= WHAT TO PRODUCE =
Leaving the pictures aside, transcribe the data below exactly.

= SUPPLIED MATERIAL =
------------------------------------------------------------------------

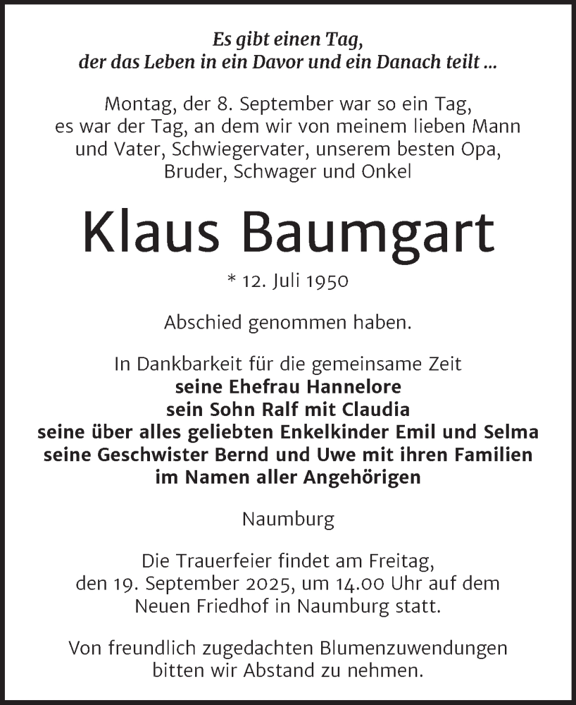 Hier finden Sie alle Traueranzeigen aus der Zeitung, die bisher für Klaus Baumgart erschienen sind. Weitere Traueranzeigen, die in der Zeitung erscheinen, werden hier ebenfalls aufgelistet
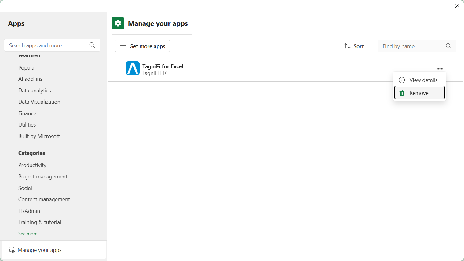 Select Manage your apps in the lower left corner. Next, select the three dots (...) to the right of TagniFi for Excel and then select Remove to remove the TagniFi Excel Add-In.
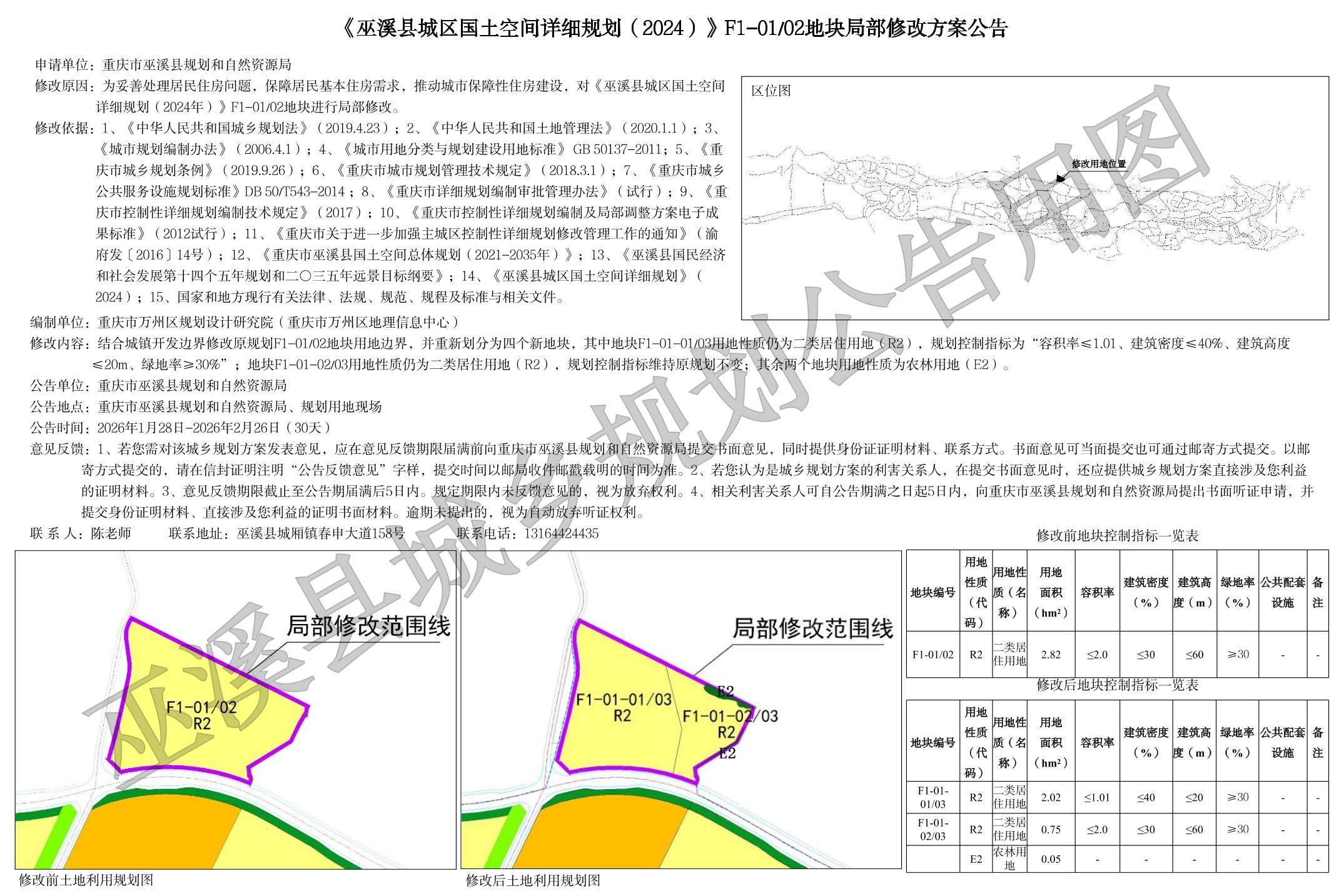 巫溪县通城镇中兴村ZX05-TC-ZX-01/01地块详细规划方案公告、《巫溪县城区国土空间详细规划(2024)》F1-01/02地块局部修改方案公告
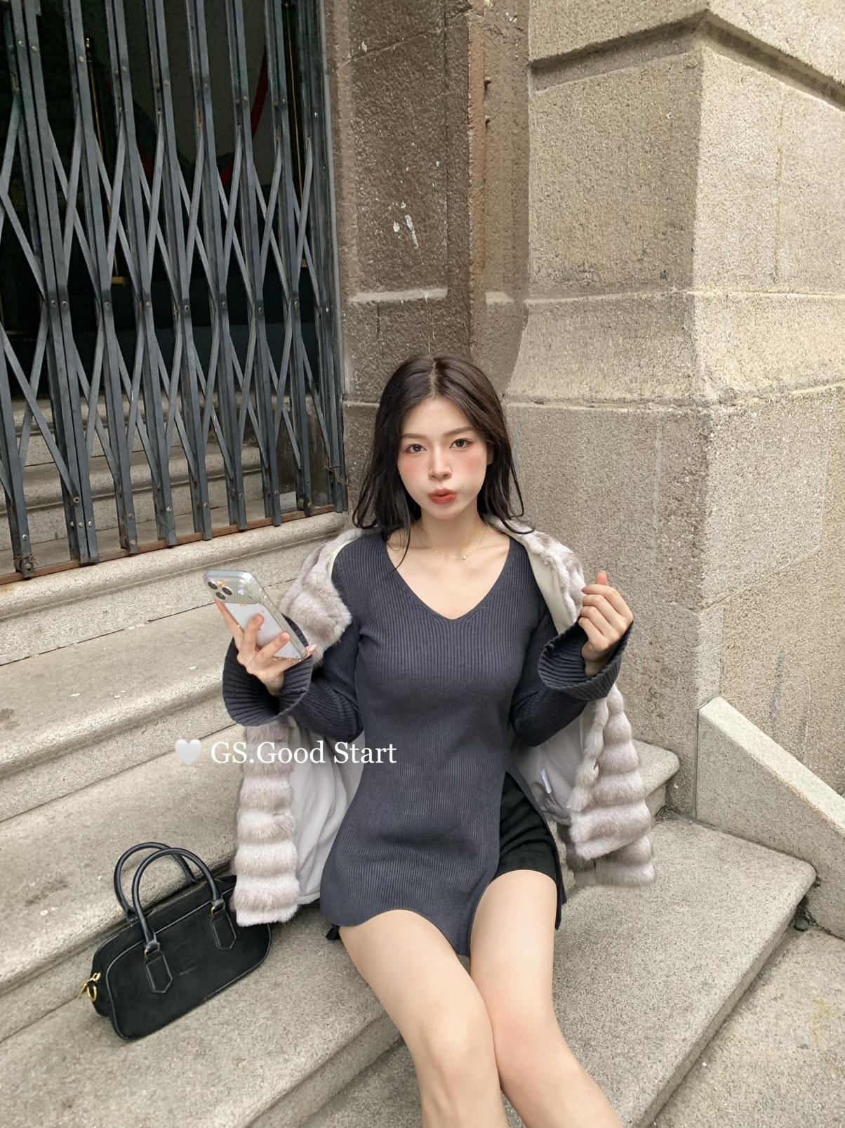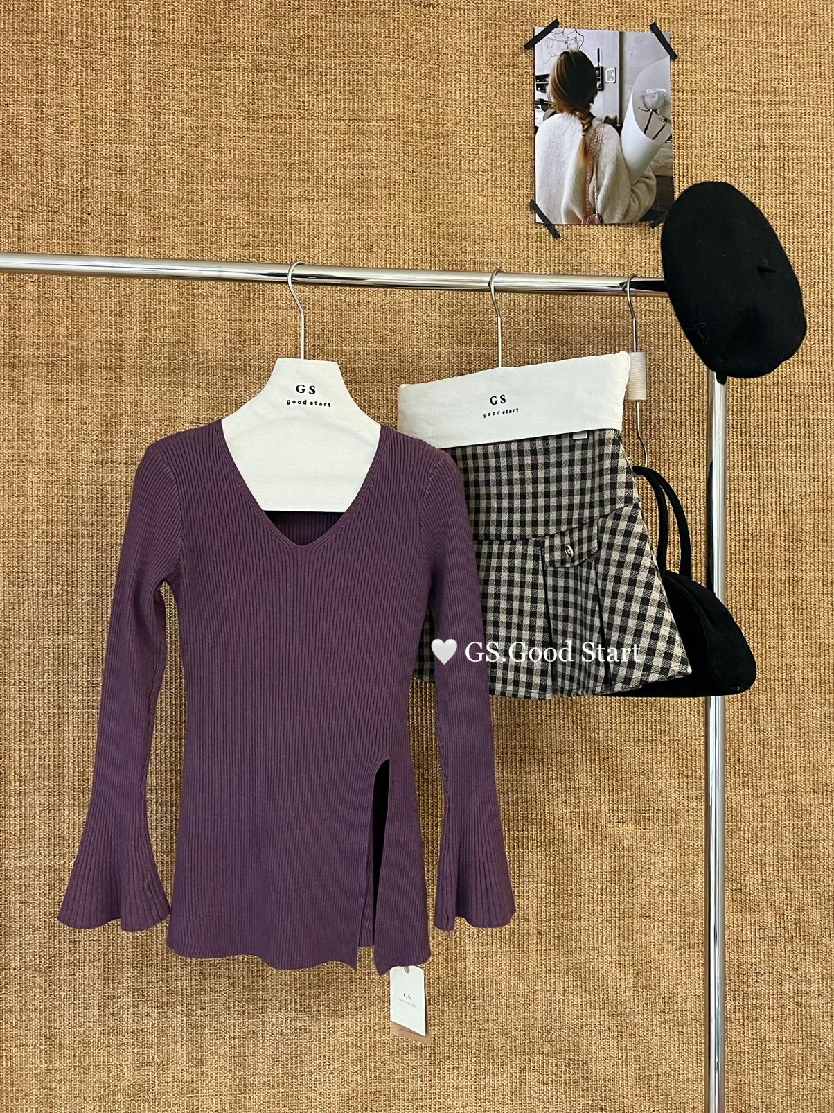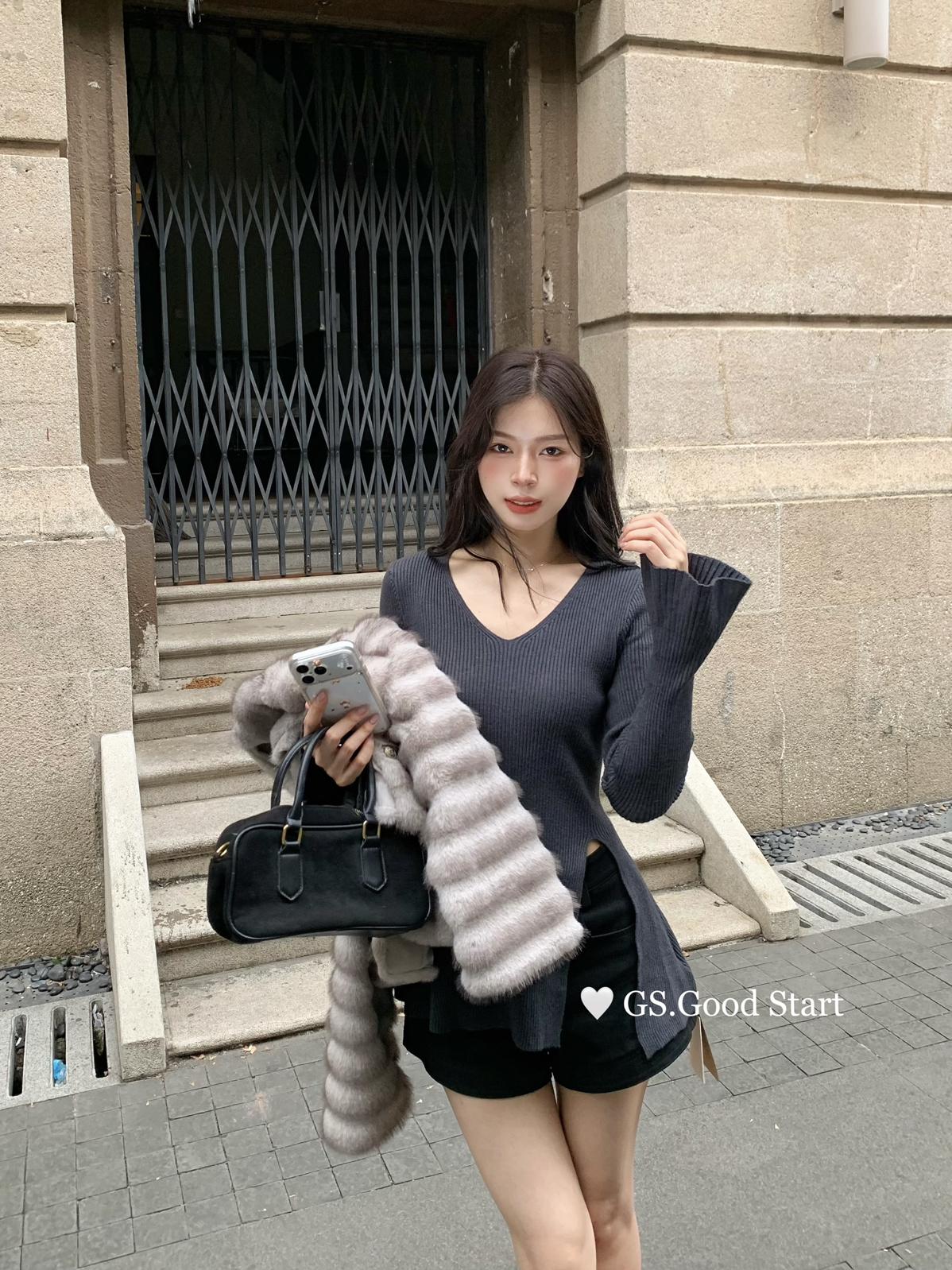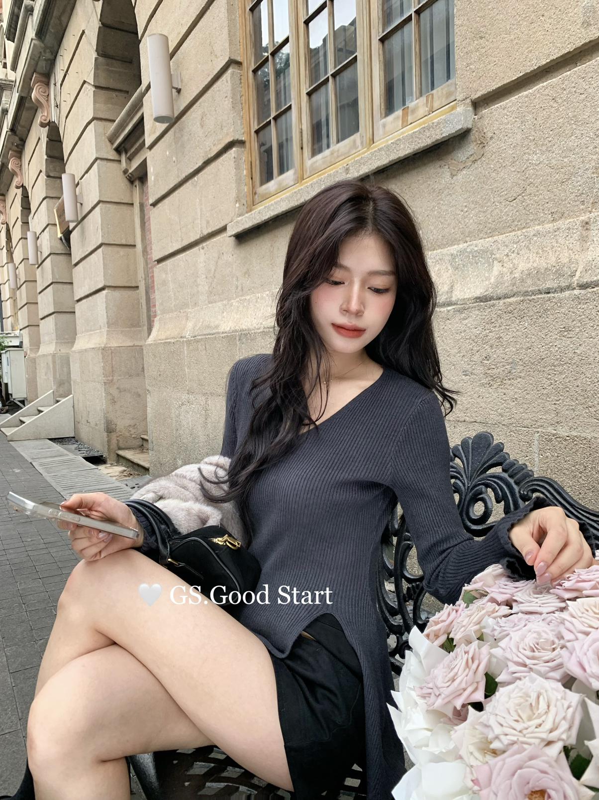 【C7809】爆賣*小腰精!秒開顯瘦濾鏡~補單王!冬氣質純欲開衩修身針織小衫

------------------------------------------------------------------------

= RESPONSE TO THE TASK =
 Hier finden Sie alle Traueranzeigen aus der Zeitung, die bisher für Klaus Baumgart erschienen sind. Weitere Traueranzeigen, die in der Zeitung erscheinen, werden hier ebenfalls aufgelistet
 Select Manage your apps in the lower left corner. Next, select the three dots (...) to the right of TagniFi for Excel and then select Remove to remove the TagniFi Excel Add-In.
 巫溪县通城镇中兴村ZX05-TC-ZX-01/01地块详细规划方案公告、《巫溪县城区国土空间详细规划(2024)》F1-01/02地块局部修改方案公告
 【C7809】爆賣*小腰精!秒開顯瘦濾鏡~補單王!冬氣質純欲開衩修身針織小衫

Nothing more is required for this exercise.